• [GIVEN DATA]:
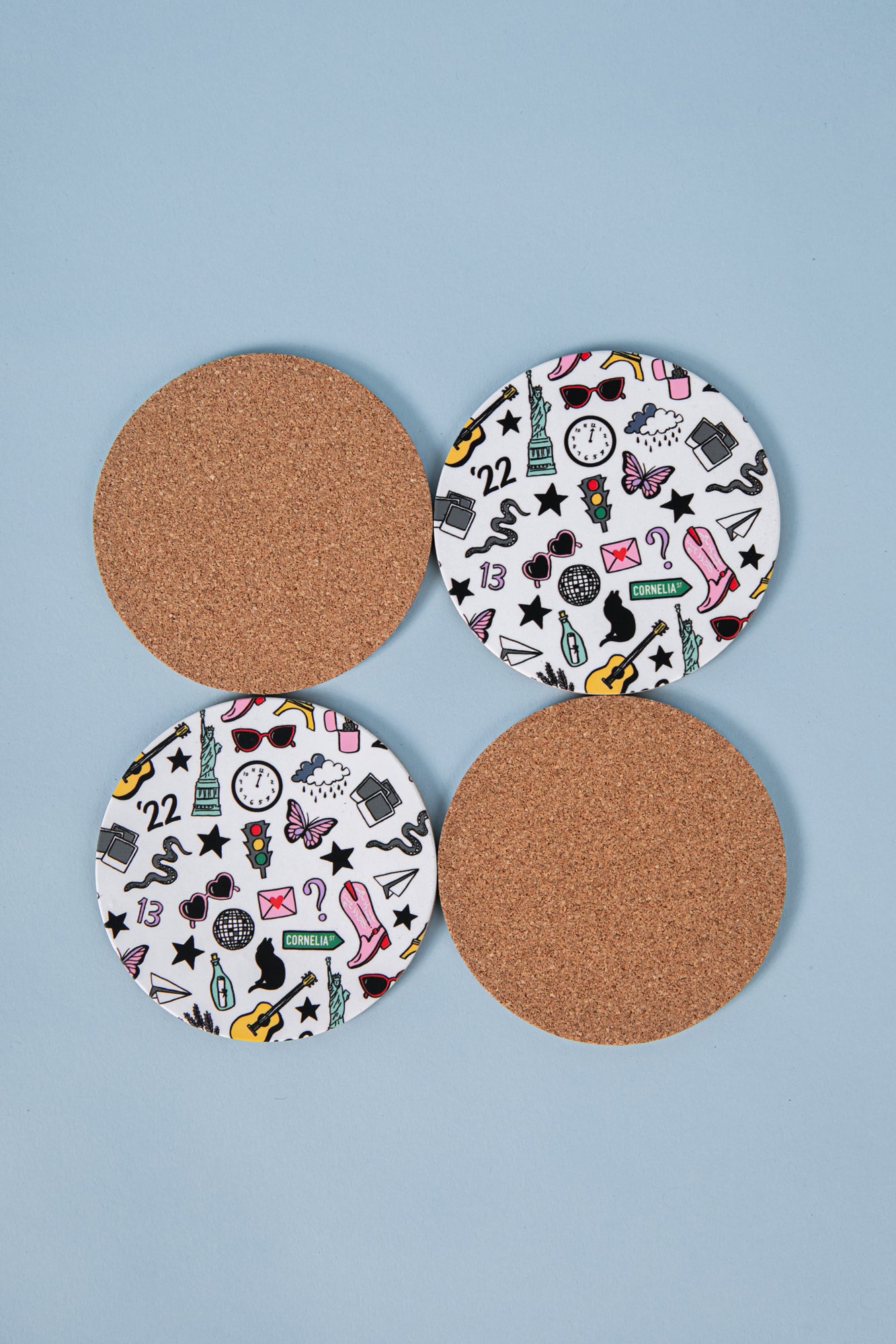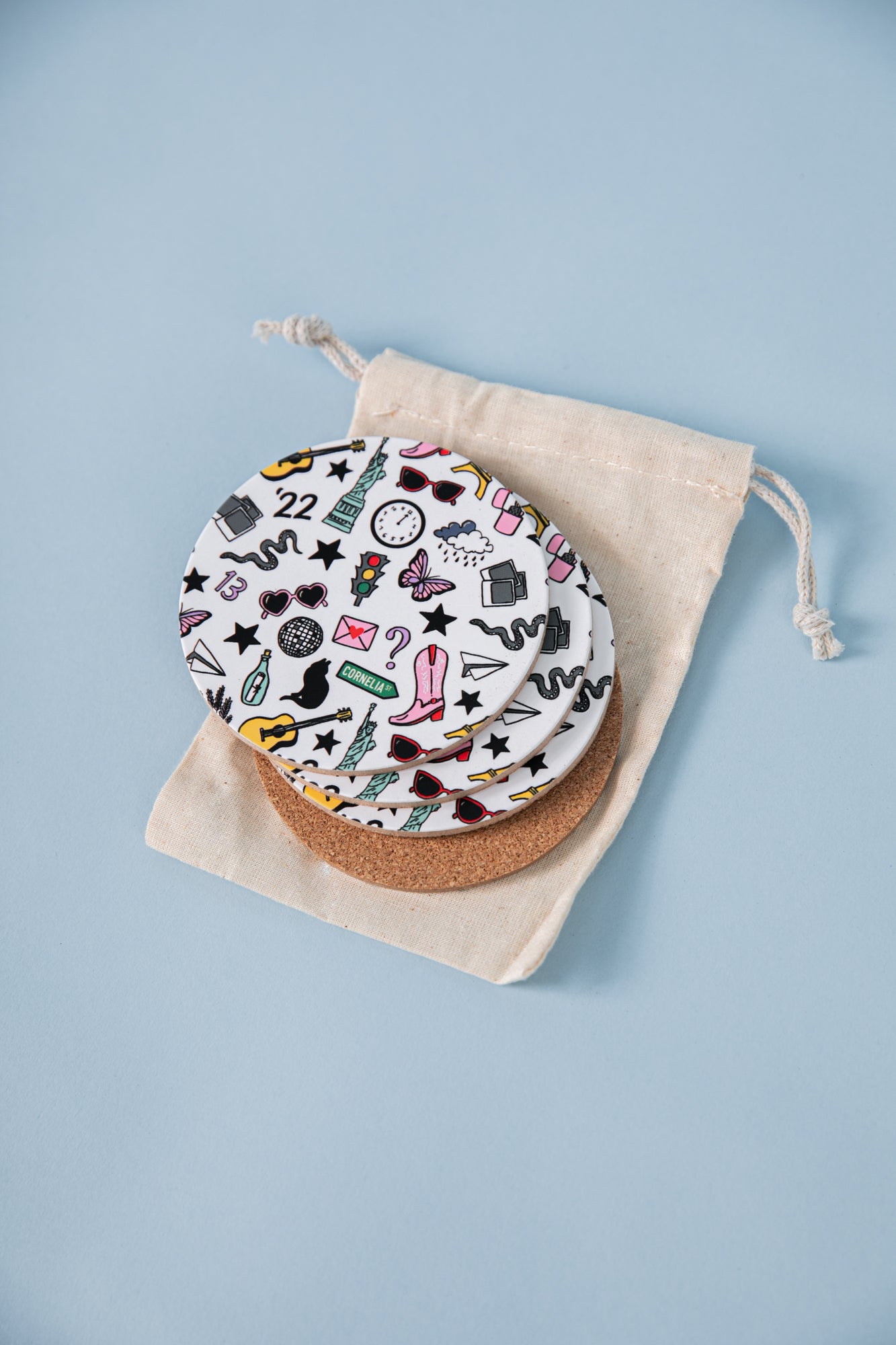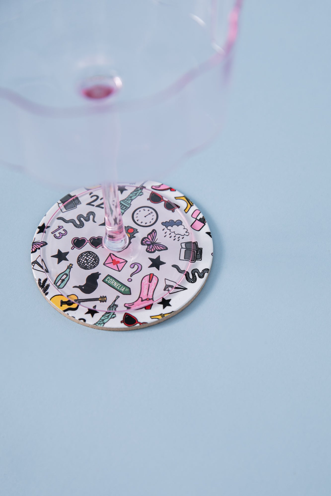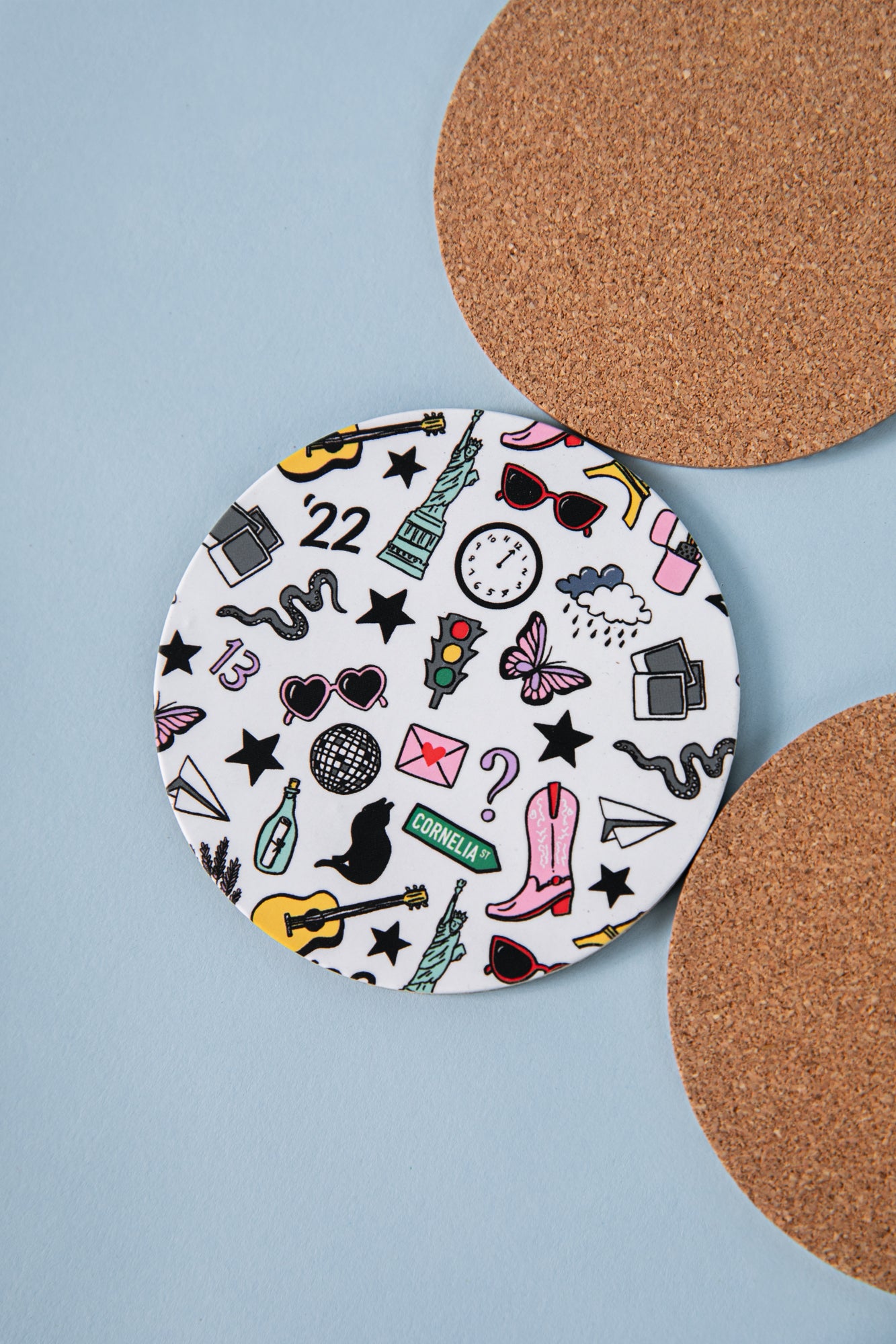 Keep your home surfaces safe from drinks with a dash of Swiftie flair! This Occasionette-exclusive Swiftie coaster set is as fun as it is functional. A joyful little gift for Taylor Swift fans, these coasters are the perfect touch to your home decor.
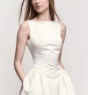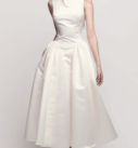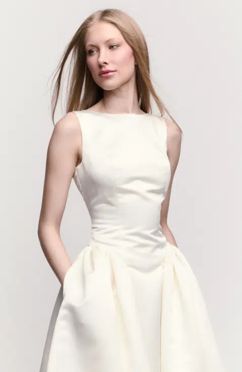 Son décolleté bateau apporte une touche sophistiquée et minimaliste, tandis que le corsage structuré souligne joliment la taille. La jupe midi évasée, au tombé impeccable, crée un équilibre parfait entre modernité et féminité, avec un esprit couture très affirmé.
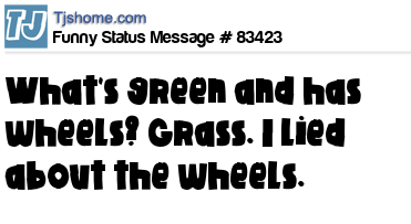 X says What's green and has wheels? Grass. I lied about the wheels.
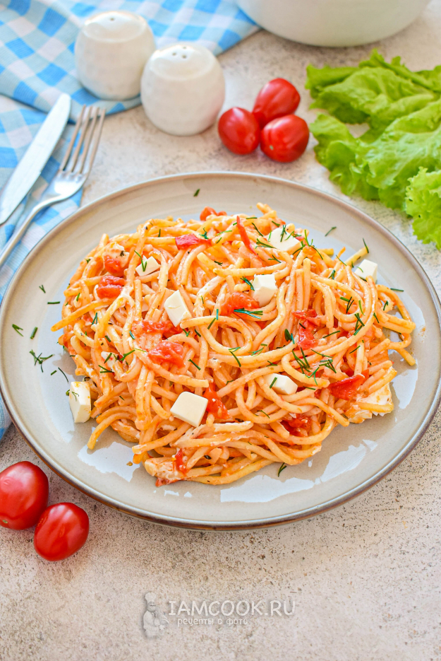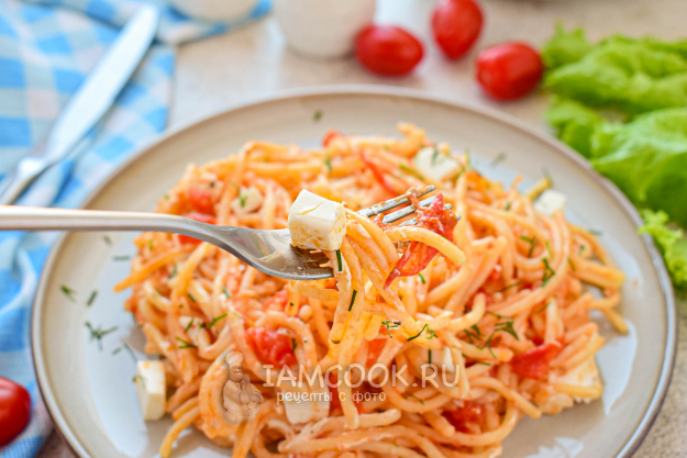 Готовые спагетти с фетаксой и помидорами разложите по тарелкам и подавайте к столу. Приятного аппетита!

==

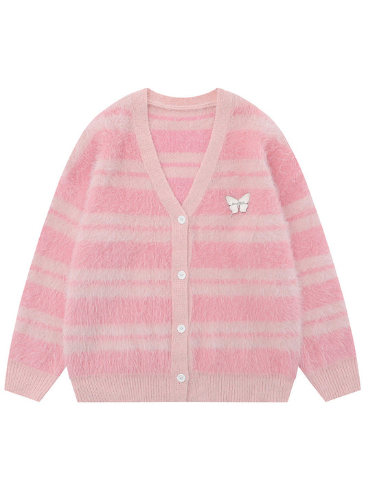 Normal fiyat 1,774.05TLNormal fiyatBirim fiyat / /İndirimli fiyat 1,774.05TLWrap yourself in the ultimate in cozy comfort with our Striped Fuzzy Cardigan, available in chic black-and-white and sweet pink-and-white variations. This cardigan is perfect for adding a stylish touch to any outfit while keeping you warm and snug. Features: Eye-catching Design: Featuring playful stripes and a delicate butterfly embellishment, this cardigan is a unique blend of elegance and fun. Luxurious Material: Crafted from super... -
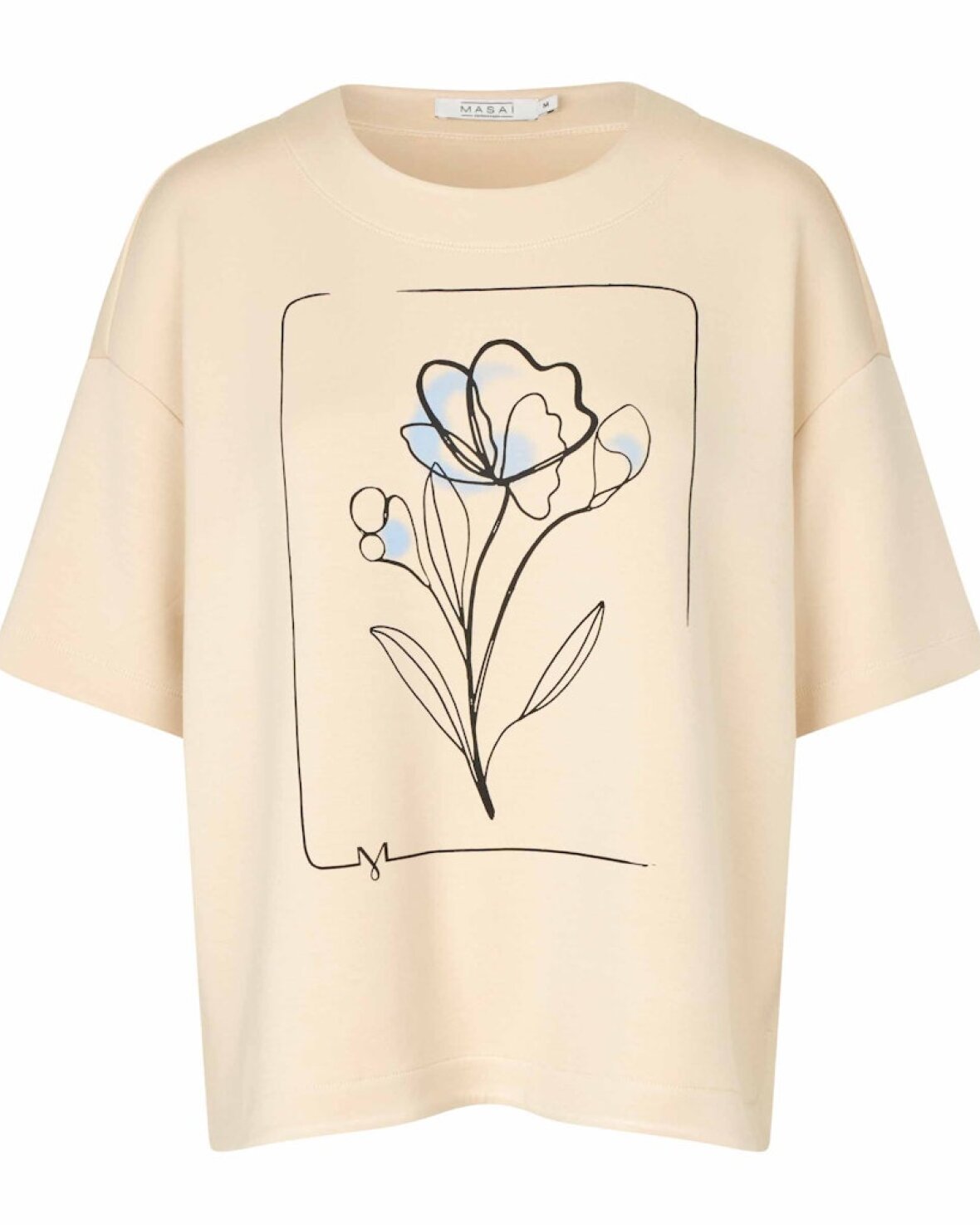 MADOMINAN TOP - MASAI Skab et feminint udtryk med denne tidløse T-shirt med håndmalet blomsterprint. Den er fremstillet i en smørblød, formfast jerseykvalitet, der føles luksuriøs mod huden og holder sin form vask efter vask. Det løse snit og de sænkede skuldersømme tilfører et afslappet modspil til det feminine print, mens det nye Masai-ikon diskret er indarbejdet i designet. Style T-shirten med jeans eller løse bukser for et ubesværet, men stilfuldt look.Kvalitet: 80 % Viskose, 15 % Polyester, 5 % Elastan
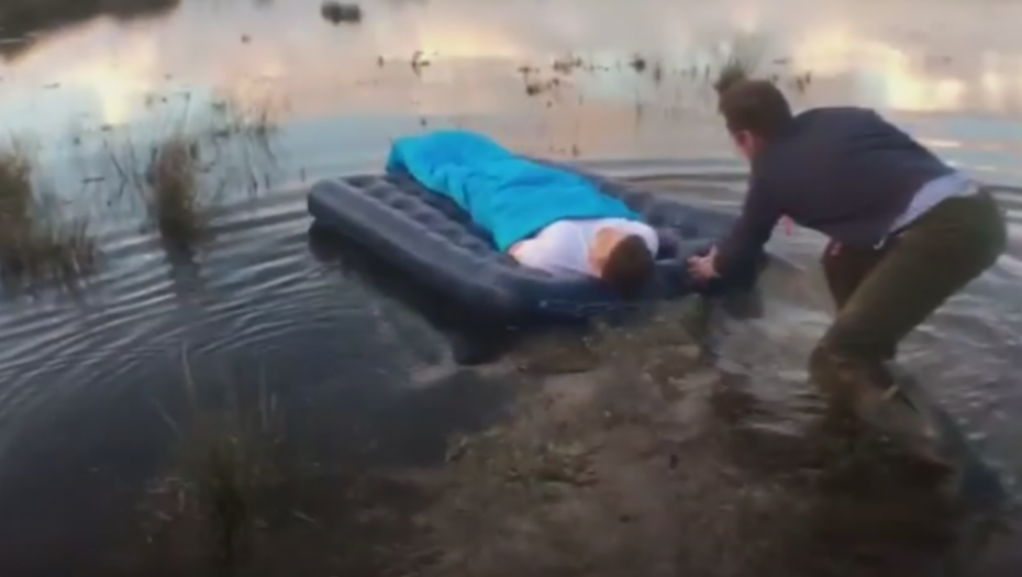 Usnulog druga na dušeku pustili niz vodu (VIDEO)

---

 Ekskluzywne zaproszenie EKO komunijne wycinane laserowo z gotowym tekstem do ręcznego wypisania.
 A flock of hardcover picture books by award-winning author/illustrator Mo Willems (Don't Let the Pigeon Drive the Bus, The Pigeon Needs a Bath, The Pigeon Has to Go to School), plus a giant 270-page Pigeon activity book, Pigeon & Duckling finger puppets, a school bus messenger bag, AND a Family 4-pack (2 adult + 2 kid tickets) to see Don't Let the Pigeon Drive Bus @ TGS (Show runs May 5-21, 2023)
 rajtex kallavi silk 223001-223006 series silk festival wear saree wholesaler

• [YOUR INSTRUCTIONS]:
Give back exactly the lines above from the one with "MADOMINAN TOP - MASAI" through the one with "Usnulog druga na", both included. Pictures don't belong in the copy.

• [OUTPUT FOR THIS EXERCISE]:
 MADOMINAN TOP - MASAI Skab et feminint udtryk med denne tidløse T-shirt med håndmalet blomsterprint. Den er fremstillet i en smørblød, formfast jerseykvalitet, der føles luksuriøs mod huden og holder sin form vask efter vask. Det løse snit og de sænkede skuldersømme tilfører et afslappet modspil til det feminine print, mens det nye Masai-ikon diskret er indarbejdet i designet. Style T-shirten med jeans eller løse bukser for et ubesværet, men stilfuldt look.Kvalitet: 80 % Viskose, 15 % Polyester, 5 % Elastan
 Usnulog druga na dušeku pustili niz vodu (VIDEO)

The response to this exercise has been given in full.